## [PROVIDED MATERIAL]
--------

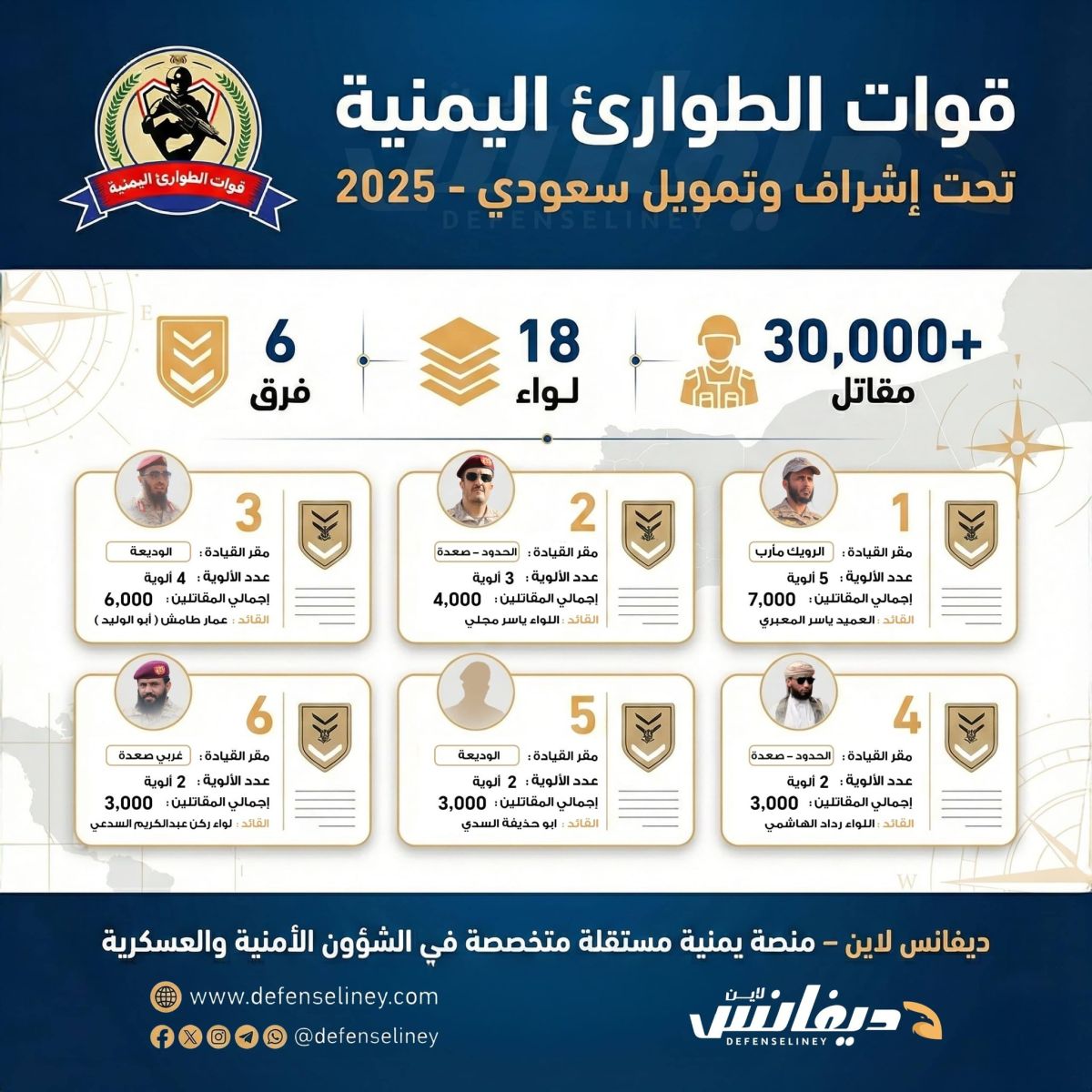 منتصف العام الحالي 2025، ظهر مسمى "قوات الطوارئ اليمنية" كأحدث تشكيل قتالي ينضم الى قائمة التشكيلات المسلحة في الجبهة المناهضة للحوثيين والتابعة للمجلس الرئاسي وتحالف دعم الشرعية الذي تقوده السعودية، وتشارك الإمارات بشكل نشط تحت اسم التحالف منذ عام 2015.
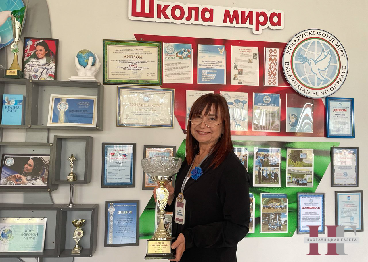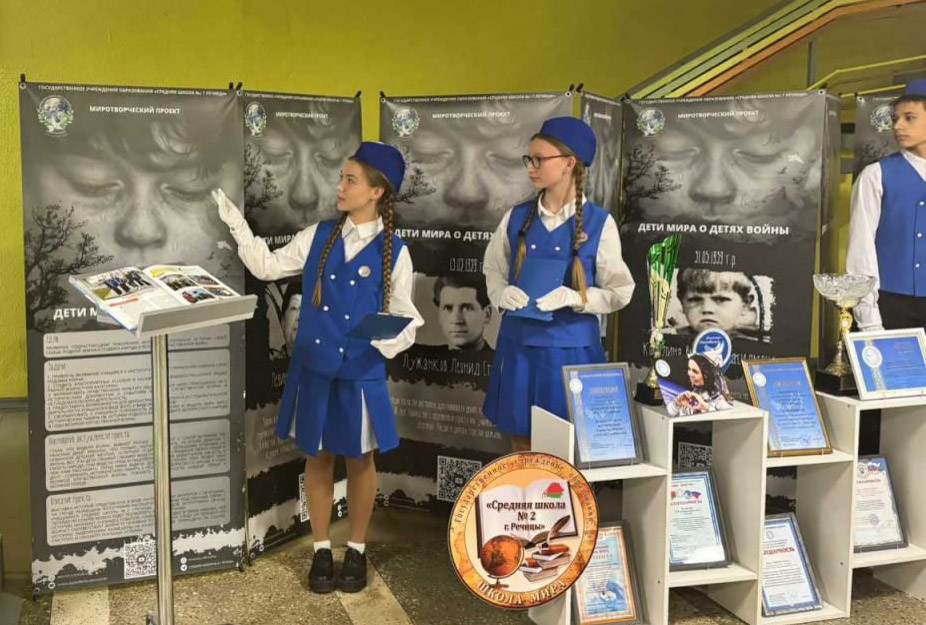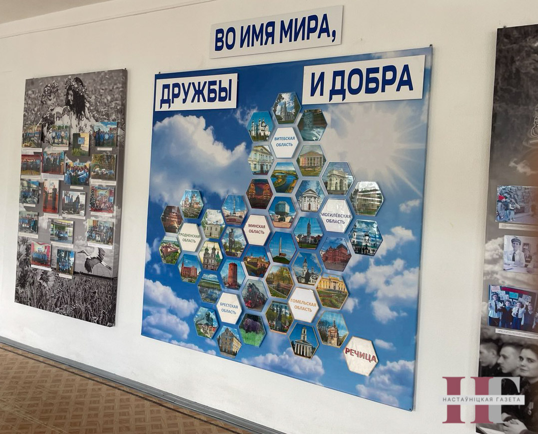 Што гэта менавіта Школа міру — бачым прама ў холе на першым паверсе. Кубкі за перамогі, дыпломы, фотаздымкі… Паказваючы тэматычны стэнд, намеснік дырэктара па выхаваўчай рабоце і куратар міратворчых праектаў Алена Козырава звяртае ўвагу на два аўтографы Героя Беларусі — намесніка старшыні праўлення Беларускага фонду міру Марыны Васілеўскай. Здымкі зафіксавалі сумесную працу школы і з Цімафеем Глушаковым, старшынёй Гомельскага абласнога аддзялення фонду. Вядомага міратворца летась не стала, але жыве пачатая ім справа — міжнародны дзіцячы палатачны лагер сяброўства славянскіх народаў “Крынічка”. У ім бывалі таксама і юныя рэчыцкія міратворцы.
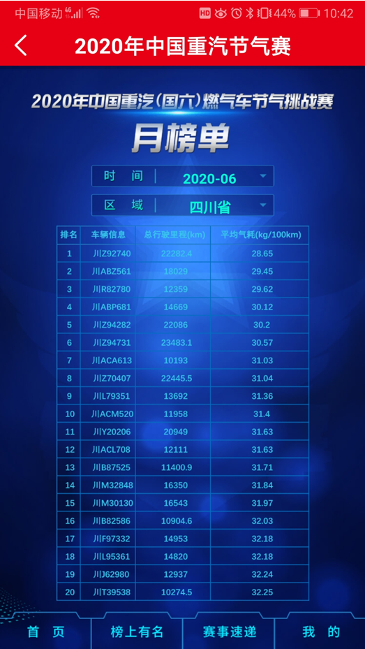 今年6月份打响的2020年中国重汽(国六)燃气车节气挑战赛,就是中国重汽从实际运营的角度,将全国各地的中国重汽燃气车司机集结一块,采用“实车、实货、实际路况、实际运营”原则,“零成本、零门槛”参与比赛,比赛成绩由中国重汽智能通大数据采集发布,用户在实际运营中就可以完成比赛,每辆车跑出的是实际运营气耗。

--------

## [WORK INSTRUCTIONS]
What you return should be only the lines from the line with "Што гэта менавіта" through the last line of the listing above, exactly, both ends included, pictures excluded.

## [EXPECTED OUTPUT]
 Што гэта менавіта Школа міру — бачым прама ў холе на першым паверсе. Кубкі за перамогі, дыпломы, фотаздымкі… Паказваючы тэматычны стэнд, намеснік дырэктара па выхаваўчай рабоце і куратар міратворчых праектаў Алена Козырава звяртае ўвагу на два аўтографы Героя Беларусі — намесніка старшыні праўлення Беларускага фонду міру Марыны Васілеўскай. Здымкі зафіксавалі сумесную працу школы і з Цімафеем Глушаковым, старшынёй Гомельскага абласнога аддзялення фонду. Вядомага міратворца летась не стала, але жыве пачатая ім справа — міжнародны дзіцячы палатачны лагер сяброўства славянскіх народаў “Крынічка”. У ім бывалі таксама і юныя рэчыцкія міратворцы.
 今年6月份打响的2020年中国重汽(国六)燃气车节气挑战赛,就是中国重汽从实际运营的角度,将全国各地的中国重汽燃气车司机集结一块,采用“实车、实货、实际路况、实际运营”原则,“零成本、零门槛”参与比赛,比赛成绩由中国重汽智能通大数据采集发布,用户在实际运营中就可以完成比赛,每辆车跑出的是实际运营气耗。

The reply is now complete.